> [Problem description]: Return exactly those lines of the material below that fall between the line holding "Formaat : 13" and the line holding "建面124平方米四房:四开间朝南,一线山景,南北对流横厅设计,主卧宽敞明亮。", inclusive.

> [Input data]:
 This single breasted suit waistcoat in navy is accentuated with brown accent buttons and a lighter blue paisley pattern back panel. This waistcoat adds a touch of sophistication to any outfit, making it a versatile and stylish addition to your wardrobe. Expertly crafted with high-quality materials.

--

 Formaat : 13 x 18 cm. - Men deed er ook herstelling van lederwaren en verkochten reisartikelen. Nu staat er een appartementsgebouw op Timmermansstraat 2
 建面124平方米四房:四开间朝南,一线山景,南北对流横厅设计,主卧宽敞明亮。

---

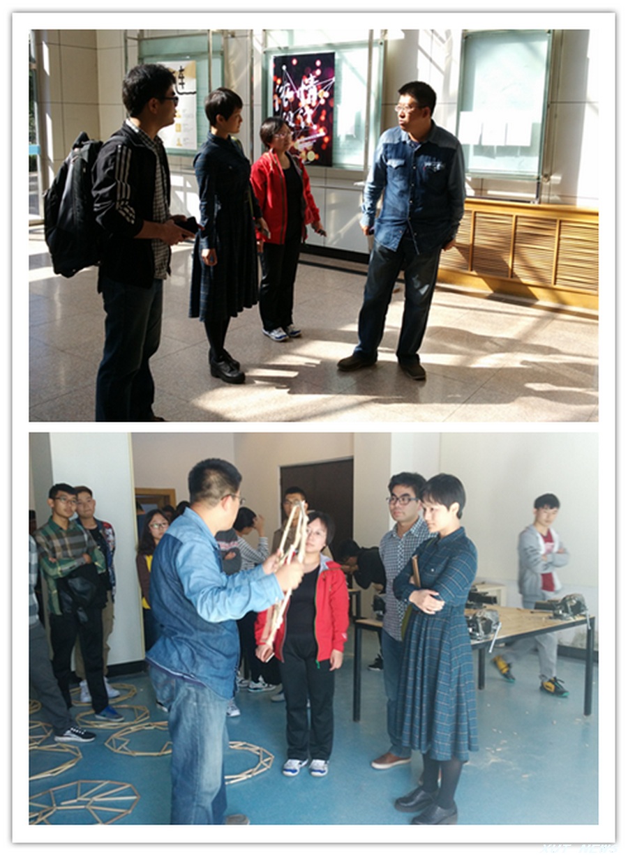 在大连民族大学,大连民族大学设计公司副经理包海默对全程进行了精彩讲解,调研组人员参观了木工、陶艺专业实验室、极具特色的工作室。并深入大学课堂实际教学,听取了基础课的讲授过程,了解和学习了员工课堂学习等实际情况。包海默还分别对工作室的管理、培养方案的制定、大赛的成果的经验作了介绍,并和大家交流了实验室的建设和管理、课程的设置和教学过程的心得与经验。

> [Result]:
 Formaat : 13 x 18 cm. - Men deed er ook herstelling van lederwaren en verkochten reisartikelen. Nu staat er een appartementsgebouw op Timmermansstraat 2
 建面124平方米四房:四开间朝南,一线山景,南北对流横厅设计,主卧宽敞明亮。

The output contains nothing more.